Bitcoin spot ETFs have a 90% chance of being approved by January 2024Bloomberg analysts say the approval of spot Bitcoin exchange traded funds (ETFs) is almost certain. They believe there is a 90% chance of obtaining approval before January 10, 2024
Bitcoin spot ETFs have a 90% chance of being approved by January 2024
Bloomberg analysts say the approval of spot Bitcoin exchange traded funds (ETFs) is almost certain. They believe there is a 90% chance of obtaining approval before January 10, 2024.
Bloomberg analysts James Safat and Eric Barkunas stated that communication between fund managers and the Securities and Exchange Commission (SEC) regarding spot Bitcoin ETFs has become more active.
The recently updated spot Bitcoin ETF prospectus from Ark and 21Shares has added at least five pages of new text, indicating that the dialogue with the SEC is constructive, which usually only occurs when the fund is about to be approved
Reuters reported on Friday that the SEC has decided not to appeal the August court ruling, which stated that its rejection of Grayscale's ETF proposal was "arbitrary and arbitrary". Bloomberg reported on Saturday that the dialogue between Grayscale and the SEC will begin after the SEC decides not to appeal.
The FTX address has pledged 5.5 million $SOL and 24000 $ETH, with an estimated annual revenue of over 9 million US dollars
On chain data shows that the address marked as FTX bankruptcy property has recently pledged over 5.5 million $SOLs (approximately $122 million at current prices) and over 24000 $ETHs (approximately $30 million at current prices).
According to CoinDesk, based on the current annualized proceeds from pledges, these $SOLs will generate over $8 million in revenue annually, while $ETH will generate approximately $1 million in revenue.
Last month, a judge from the US bankruptcy court approved a motion proposed by FTX to allow the exchange to sell, pledge, and hedge its holdings of cryptocurrency assets to repay creditors. At that time, FTX held a total value of approximately $3.4 billion in cryptocurrencies, including $1.16 billion in SOL, $560 million in BTC, $192 million in ETH, and $119 million in XRP.
Solana Becomes an Ecological Partner in the Dubai Free Economic Zone
According to Cointelgraph, the Solana Foundation has announced that it has become one of the ecological partners of the Dubai Multi Commodity Center (DMCC) in the United Arab Emirates, which is one of the three free economic zones in the UAE.
Solana will provide technical and business development support for members of the DMCC encryption center. The company will also provide webinars and educational courses on various Web3 topics, and continue to carry out existing grant projects at DMCC.

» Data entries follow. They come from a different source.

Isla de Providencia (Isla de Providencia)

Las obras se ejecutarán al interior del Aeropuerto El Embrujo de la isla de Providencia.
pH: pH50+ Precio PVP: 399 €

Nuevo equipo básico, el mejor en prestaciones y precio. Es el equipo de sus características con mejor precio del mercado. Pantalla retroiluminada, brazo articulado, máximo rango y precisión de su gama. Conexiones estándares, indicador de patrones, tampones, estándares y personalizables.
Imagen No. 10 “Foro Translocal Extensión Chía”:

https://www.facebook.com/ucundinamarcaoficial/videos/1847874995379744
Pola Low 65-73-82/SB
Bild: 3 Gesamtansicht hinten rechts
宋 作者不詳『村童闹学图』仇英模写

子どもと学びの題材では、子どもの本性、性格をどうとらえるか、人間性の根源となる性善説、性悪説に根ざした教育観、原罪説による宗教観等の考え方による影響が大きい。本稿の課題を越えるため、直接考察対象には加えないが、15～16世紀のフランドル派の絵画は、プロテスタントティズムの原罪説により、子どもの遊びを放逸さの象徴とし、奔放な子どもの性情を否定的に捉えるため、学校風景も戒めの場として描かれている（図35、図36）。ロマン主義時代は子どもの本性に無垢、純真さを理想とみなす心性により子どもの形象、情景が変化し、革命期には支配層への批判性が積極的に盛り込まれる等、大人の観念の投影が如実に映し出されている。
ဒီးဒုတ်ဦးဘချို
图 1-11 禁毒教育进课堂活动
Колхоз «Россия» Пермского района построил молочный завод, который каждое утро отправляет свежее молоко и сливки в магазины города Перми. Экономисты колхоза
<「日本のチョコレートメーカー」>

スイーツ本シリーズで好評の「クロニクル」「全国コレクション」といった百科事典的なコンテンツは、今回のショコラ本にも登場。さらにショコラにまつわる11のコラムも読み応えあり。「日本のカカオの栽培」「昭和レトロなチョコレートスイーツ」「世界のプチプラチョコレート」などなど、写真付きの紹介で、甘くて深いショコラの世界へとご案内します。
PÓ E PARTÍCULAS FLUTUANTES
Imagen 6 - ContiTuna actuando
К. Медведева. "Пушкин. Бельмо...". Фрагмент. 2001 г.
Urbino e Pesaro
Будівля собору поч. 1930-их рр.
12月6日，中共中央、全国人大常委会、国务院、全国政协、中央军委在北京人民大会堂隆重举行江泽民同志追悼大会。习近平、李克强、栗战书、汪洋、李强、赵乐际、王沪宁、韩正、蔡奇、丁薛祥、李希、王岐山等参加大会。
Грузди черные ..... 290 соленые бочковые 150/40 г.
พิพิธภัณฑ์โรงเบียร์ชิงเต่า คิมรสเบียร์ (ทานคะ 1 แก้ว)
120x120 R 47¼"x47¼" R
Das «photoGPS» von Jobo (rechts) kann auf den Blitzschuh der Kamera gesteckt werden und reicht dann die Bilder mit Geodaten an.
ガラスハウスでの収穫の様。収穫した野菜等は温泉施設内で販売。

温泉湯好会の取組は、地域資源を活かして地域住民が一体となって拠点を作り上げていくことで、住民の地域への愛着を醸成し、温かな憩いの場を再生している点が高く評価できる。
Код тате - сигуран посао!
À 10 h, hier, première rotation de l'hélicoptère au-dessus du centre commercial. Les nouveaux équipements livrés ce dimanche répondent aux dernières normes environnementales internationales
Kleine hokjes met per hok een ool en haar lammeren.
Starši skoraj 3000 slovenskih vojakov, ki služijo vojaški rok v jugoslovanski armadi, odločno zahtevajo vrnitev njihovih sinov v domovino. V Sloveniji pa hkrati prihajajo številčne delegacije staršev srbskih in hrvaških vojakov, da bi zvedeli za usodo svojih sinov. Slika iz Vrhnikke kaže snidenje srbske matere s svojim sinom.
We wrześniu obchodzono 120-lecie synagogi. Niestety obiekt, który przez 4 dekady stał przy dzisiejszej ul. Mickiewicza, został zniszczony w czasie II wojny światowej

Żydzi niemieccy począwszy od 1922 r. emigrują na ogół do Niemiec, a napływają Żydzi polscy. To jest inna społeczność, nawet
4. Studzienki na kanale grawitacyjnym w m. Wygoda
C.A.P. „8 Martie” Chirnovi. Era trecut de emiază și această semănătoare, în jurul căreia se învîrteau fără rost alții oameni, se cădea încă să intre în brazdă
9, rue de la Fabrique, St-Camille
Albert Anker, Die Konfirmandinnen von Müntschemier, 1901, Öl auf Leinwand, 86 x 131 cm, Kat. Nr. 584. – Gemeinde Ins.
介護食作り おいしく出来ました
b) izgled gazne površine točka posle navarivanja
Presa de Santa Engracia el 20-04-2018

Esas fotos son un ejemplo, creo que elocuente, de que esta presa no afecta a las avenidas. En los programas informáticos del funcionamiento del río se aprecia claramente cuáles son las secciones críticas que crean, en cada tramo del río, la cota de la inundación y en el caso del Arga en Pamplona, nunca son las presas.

The ecological partner list of DMCC also includes multiple entities such as cryptocurrency exchange Bybit, digital asset market maker DWFLabs, Web3 incubator TDeFi, and venture capital fund Brinc. The total number of members of the center is officially 23000 companies.
The report states that the US government is one of the largest Bitcoin holders, holding over $5 billion in BTC
The US government has become one of the largest holders of Bitcoin, with an estimated value of over $5 billion. This estimate is based on three major confiscation actions related to Bitfinex hacking attacks and SilkRoad, which means the actual holdings may be larger. According to data analysis from public documents, encryption company 21. Co estimates that the US government still holds approximately $5.3 billion worth of 194188BTC. These bitcoins are mainly stored in encrypted storage devices called hardware wallets, stored offline, and managed by the Ministry of Justice and the Internal Revenue Service.
Confiscated assets do not immediately belong to the government. The US Marshal Service, as the main agency responsible for selling confiscated property, only obtains ownership of confiscated Bitcoin after a clear confiscation judgment is issued by the court. The US government will also sell some confiscated Bitcoin through the auction system from time to time, in accordance with court liquidation orders.